Here is a Scout that we built last year & sent to Argentina.. Ranch Truck..

Completely redone including floors, body, suspension (3" lift), engine & drive train.. Pretty nice Scout..

Painted Hot Rod Flatz Black. per customer request...

Supergas


----------



## RayAM2007 (Jun 29, 2008)

*1981 CJ8 Scrambler*

This jeep is for sale $7000

Look up Scrambler on craigslist


----------



## Buck Tag (Dec 19, 2010)

My Tundra is my everyday/hunt'n vehicle and the YJ gets to come out and play sometimes...


----------



## rbritt (Jan 20, 2005)

*Sammy*

Elevated alumiunum rack about to go on as well


----------



## DadSaid (Apr 4, 2006)

here is my 85 CJ. all original.


----------



## longhorns13 (Aug 22, 2006)

This girl has been great through out the hunting years!! It's time to let her go. What was I thinking swapping a 460 in her!!!!!


----------



## longhorns13 (Aug 22, 2006)

Pocampo said:


> I've had this ol' Jeep for 19 years. Everything is pretty much original except for the tires, the spray-on finish, and the new huntin' rack from 2008. But she still starts every time and gets me back to camp after dark. That rack on the front has carried lots of fire wood and many a hog and a big buck or two....!!


That's a fine rig!!!


----------



## garrettryan (Oct 11, 2004)

Mine... Hog and Quail seats for the front.. Rhino Lined on the inside.. Safari rack going on it this year!



​


----------



## garrettryan (Oct 11, 2004)

Try again


----------



## sundownbrown (May 10, 2009)

Here is mine


----------



## Swampus (Sep 1, 2005)

My 80' CJ 5................before and after with my kid's.--Now has a 2.6" lift on it--more camo paint accents (my oldest son) but no pic's. 1st pic is my belly and son feedin corn.


----------



## Capt. Marcus Canales (Aug 25, 2005)

pick 1, they've all been through hell and back and still ticking.


----------



## longhorns13 (Aug 22, 2006)

osoobsessed said:


> pick 1, they've all been through hell and back and still ticking.

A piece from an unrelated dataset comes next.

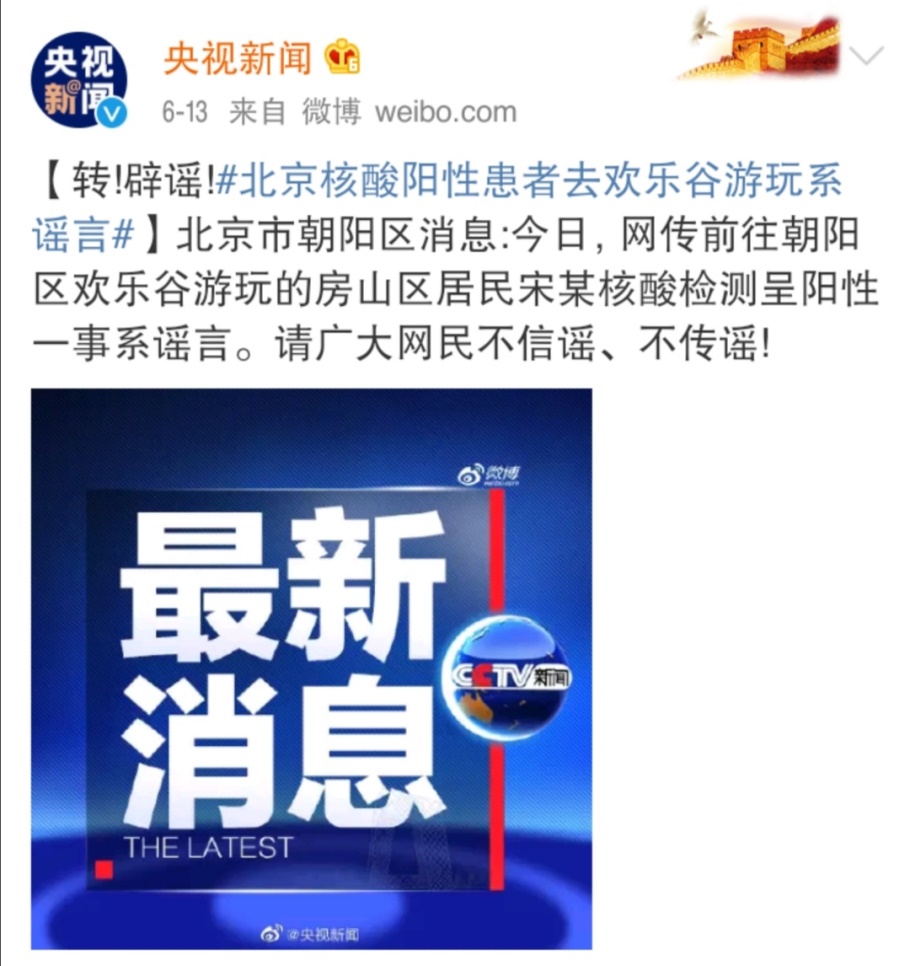 另?yè)兀央視新聞,針對“家住房山區的宋某在歡樂(lè )谷游玩時(shí)發(fā)現自己核酸檢測結果呈陽(yáng)性”一事,北京市朝陽(yáng)區對此表示,該信息是謠言。

Love those Excursions!! Looks like you need to sell those old things and upgrade!!!


----------



## sundownbrown (May 10, 2009)

I love looking at everyones rigs. Gives me ideas what I can do to mine. Keep the pictures coming.


----------



## dmwz71 (Feb 5, 2010)

This will be the third season for Red, my deer lease Suburban....Nothing fancy, but it gets me to the stand and keeps me dry and warm. It has been a very dependable truck, and my grandsons love it, because they get to drive it all over the lease.....


----------



## Jay Strass (Jan 26, 2011)

My '84 does the job for me.


----------



## Fishtexx (Jun 29, 2004)

My son and daughter both learned how to drive in this Samurai. We have lots of fun at the lease with it!


----------



## Slimshady (Jan 11, 2005)

'71 FJ with not so stock running gear.


----------



## Folsetth (Jan 18, 2007)

Jay Strass said:


> My '84 does the job for me.


I've got one as well. What motor does yours have? Mine has the V6, wish it had a little more power, but maybe it's just worn out. It gets the job done though.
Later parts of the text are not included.